» **DATA SUPPLIED**
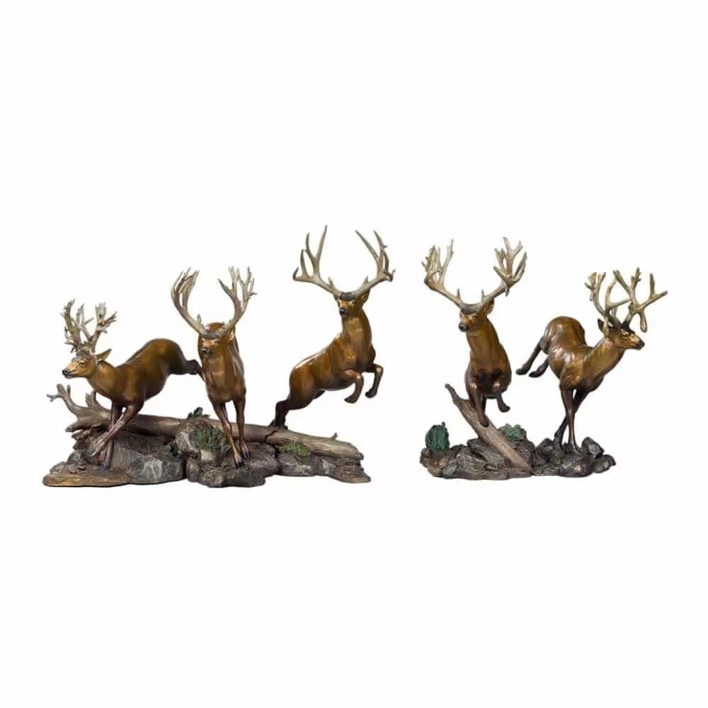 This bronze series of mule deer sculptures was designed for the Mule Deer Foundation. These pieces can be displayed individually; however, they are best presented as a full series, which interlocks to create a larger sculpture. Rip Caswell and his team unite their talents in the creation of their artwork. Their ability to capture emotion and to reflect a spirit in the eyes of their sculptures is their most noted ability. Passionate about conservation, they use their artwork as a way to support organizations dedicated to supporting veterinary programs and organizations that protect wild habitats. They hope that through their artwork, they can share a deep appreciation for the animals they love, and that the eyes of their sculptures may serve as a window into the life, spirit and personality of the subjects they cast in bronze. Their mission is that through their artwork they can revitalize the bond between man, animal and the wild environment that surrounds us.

---

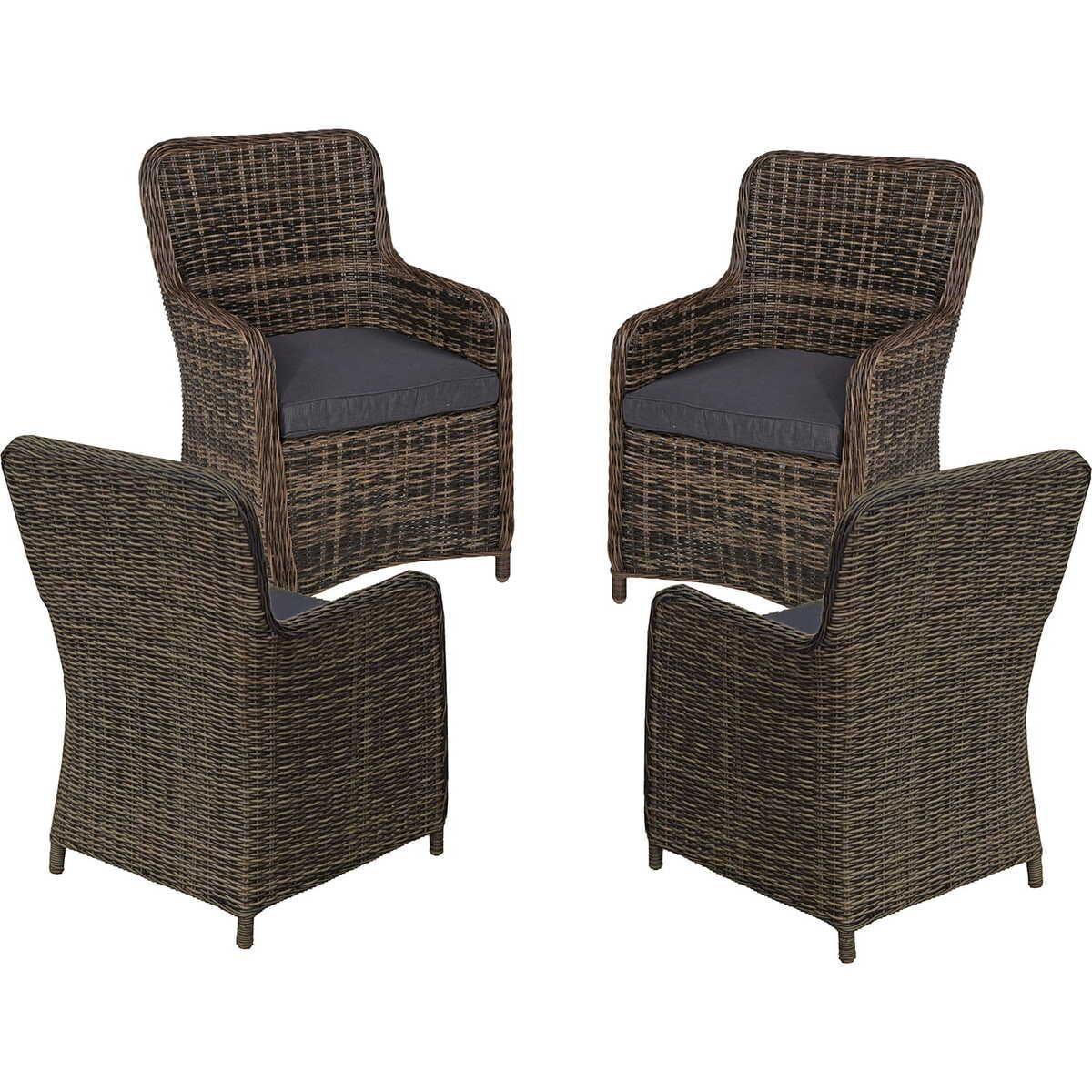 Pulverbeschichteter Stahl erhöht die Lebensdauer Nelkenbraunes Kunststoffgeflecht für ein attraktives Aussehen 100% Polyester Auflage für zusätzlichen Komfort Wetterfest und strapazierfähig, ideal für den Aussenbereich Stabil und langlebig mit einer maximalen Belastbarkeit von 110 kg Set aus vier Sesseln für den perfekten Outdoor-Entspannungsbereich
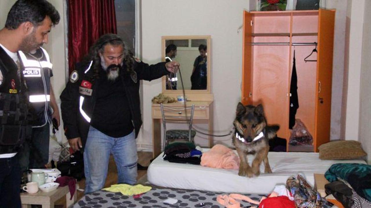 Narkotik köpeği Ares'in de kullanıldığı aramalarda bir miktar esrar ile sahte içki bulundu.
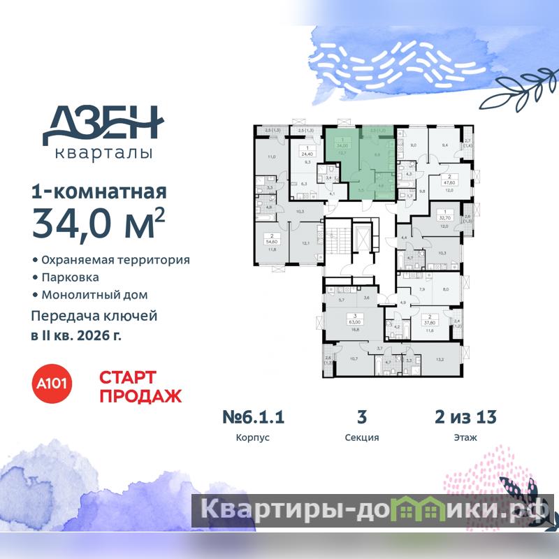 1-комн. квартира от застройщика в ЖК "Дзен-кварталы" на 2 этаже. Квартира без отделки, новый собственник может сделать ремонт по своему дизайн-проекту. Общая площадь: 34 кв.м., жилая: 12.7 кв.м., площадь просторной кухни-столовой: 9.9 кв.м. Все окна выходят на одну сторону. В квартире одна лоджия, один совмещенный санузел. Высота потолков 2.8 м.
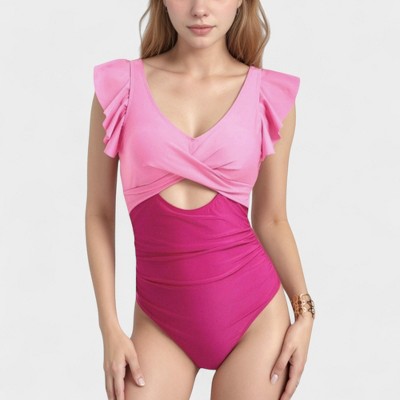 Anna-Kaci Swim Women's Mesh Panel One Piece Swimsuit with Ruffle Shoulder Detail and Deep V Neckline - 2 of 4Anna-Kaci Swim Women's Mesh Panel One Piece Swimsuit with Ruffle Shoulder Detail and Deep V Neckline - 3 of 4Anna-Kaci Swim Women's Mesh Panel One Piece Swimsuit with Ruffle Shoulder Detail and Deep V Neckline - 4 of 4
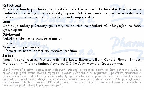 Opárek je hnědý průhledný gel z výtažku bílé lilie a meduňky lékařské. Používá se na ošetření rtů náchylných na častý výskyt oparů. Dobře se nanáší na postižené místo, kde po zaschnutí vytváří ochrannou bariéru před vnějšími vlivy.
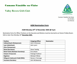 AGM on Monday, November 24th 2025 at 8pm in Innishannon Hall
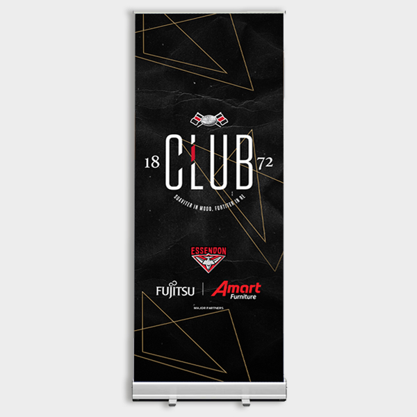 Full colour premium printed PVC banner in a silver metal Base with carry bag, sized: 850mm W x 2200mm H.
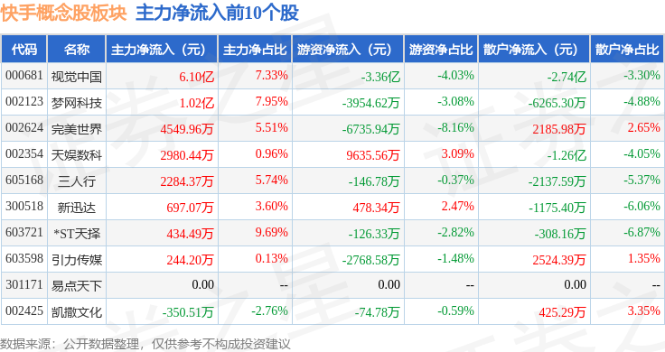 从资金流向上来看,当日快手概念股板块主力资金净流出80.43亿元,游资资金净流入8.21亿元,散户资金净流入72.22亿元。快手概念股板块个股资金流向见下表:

» **DIRECTIONS**
Excerpt from the records above: set down only the lines from the one that contains "AGM on Monday, November" through the one that contains "从资金流向上来看,当日快手概", inclusive, word for word. Pictures stay out.

» **FINISHED EXERCISE**
 AGM on Monday, November 24th 2025 at 8pm in Innishannon Hall
 Full colour premium printed PVC banner in a silver metal Base with carry bag, sized: 850mm W x 2200mm H.
 从资金流向上来看,当日快手概念股板块主力资金净流出80.43亿元,游资资金净流入8.21亿元,散户资金净流入72.22亿元。快手概念股板块个股资金流向见下表:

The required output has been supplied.